Anyway, onto less profound ground, Mar Del Plata is home to a jolly bunch of 800 large, tremendously smelly, loud and sometimes irritable sea lions. They stink. Phew! The colony is natural. They occupy a side of the main harbour and lounge about barking at each other most of the time. When the trawlers return to port they go crazy. The benevolent fishermen throw the unusable catch plus entrails to them. That´s their main activity other than slobbering about, rolling over each other and basking in the sun. They take absoltutely no notice of the numerous humans standing only a matter of feet away. Gawking from behind the safety of a metal fence I should add. Despite the whiff, it is a interesting spectacle.

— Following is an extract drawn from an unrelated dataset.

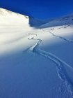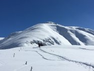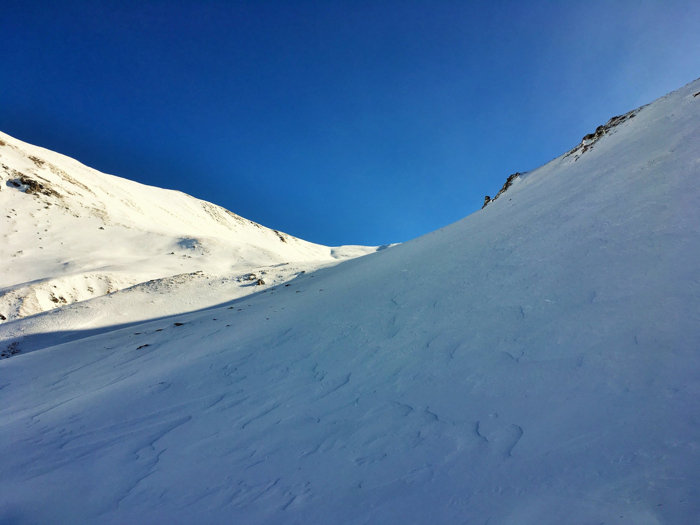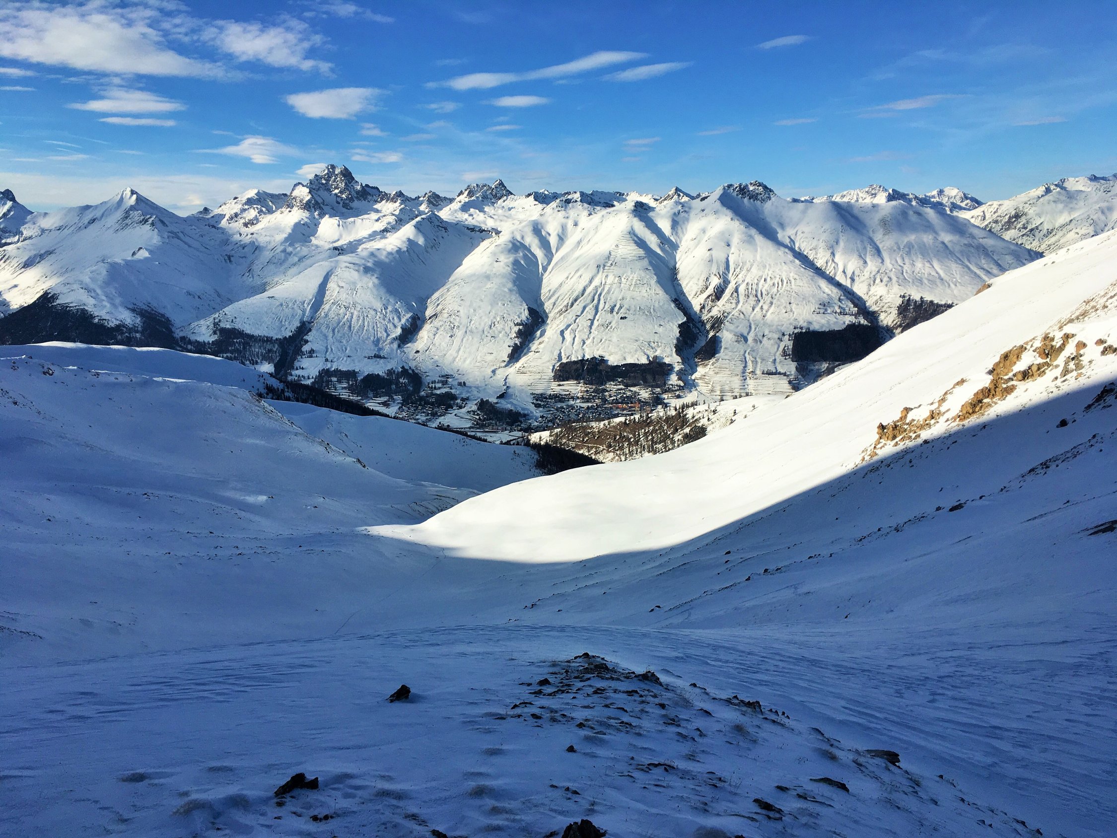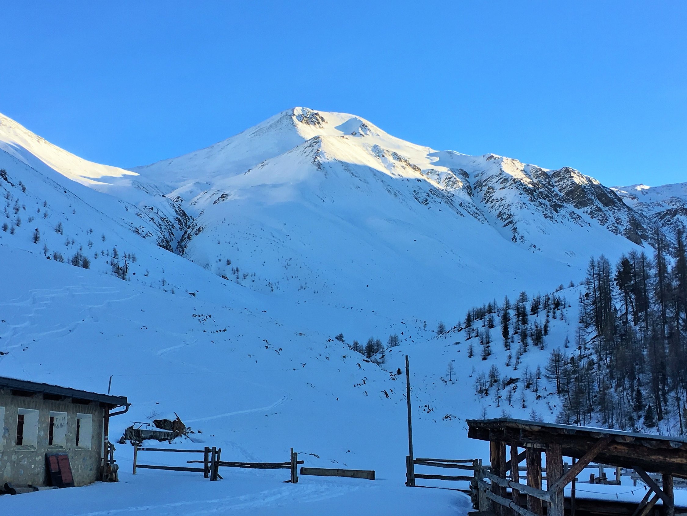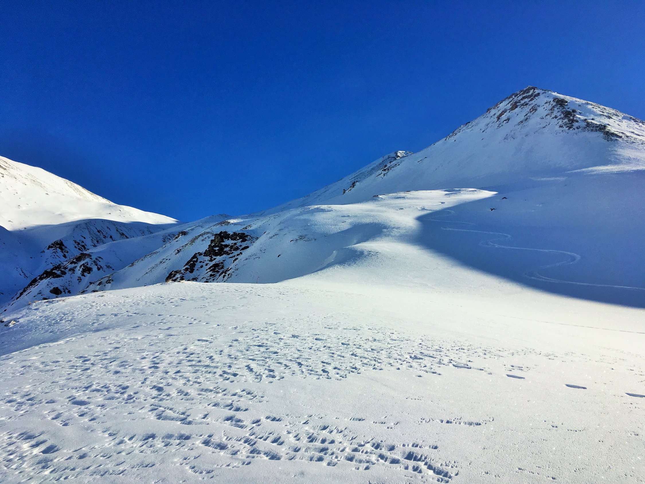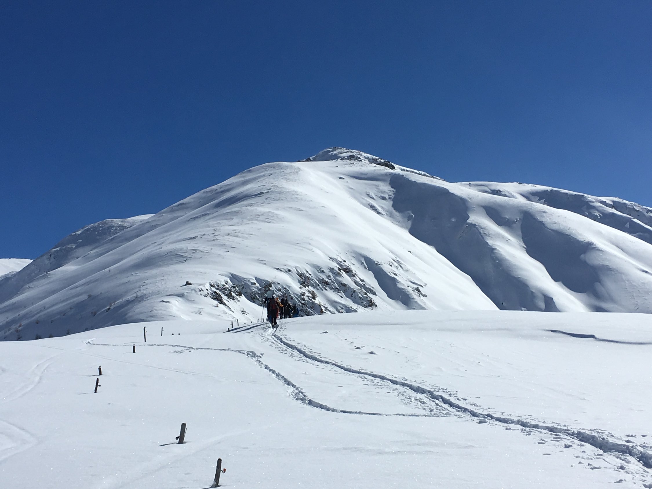 Schöne Verhältnisse, bis Alp Arpiglia 2129 m relativ wenig Pulverschnee, so dass nur der Alpweg für die Abfahrt in Frage kam. Nach Alp Arpiglia kurz etwas ruppig, nachher tolle Verhältnisse im Val Peja mit genügend Pulverschnee bis Gipfel. Ab Fuorcla Giaval 2706 m teilweise Hartschnee und windgepresster Pulver, Harscheisen obligatorisch. Die Abfahrt über Grat und durch das Val Peja ganz toll, vor allem im Val Paja perfekte Verhältnisse. Ich war diesen Winter der erste auf diesem Gipfel. Dauer fast 5 Stunden, Schwierigkeit ZS-.

It reminds me of another thing about the Argentines. They are not out to commercialise everything like some in Europe. If this sea lion colony existed in say, London, then the local counsel would sell of the site to some investor on the grounds that they are better qualified to efficiently handle the ecology and preservation of the colony. Yeah, yeah. The colony manages itself well enough. The local authorities here provide for the little old lady with the lolly pop stick who waves on the traffic to prevent conjestion. If locals want to see them, then just pop down.

A quick walk along the beach of Mar Del Plata and you will note that many other pursuits are free too. Bowls, squash courts, volley ball pitches, etc, etc. What´s more, they are used. It is refreshing to see that although the Argentines are capitalist by definition, they are not yet obsessed with milking everything for money when the opportunity seems ripe.

Oh, and one of the main statues is to a man from Co Mayo who happened to be the founder of the Argentine Navy, Admiral Brown.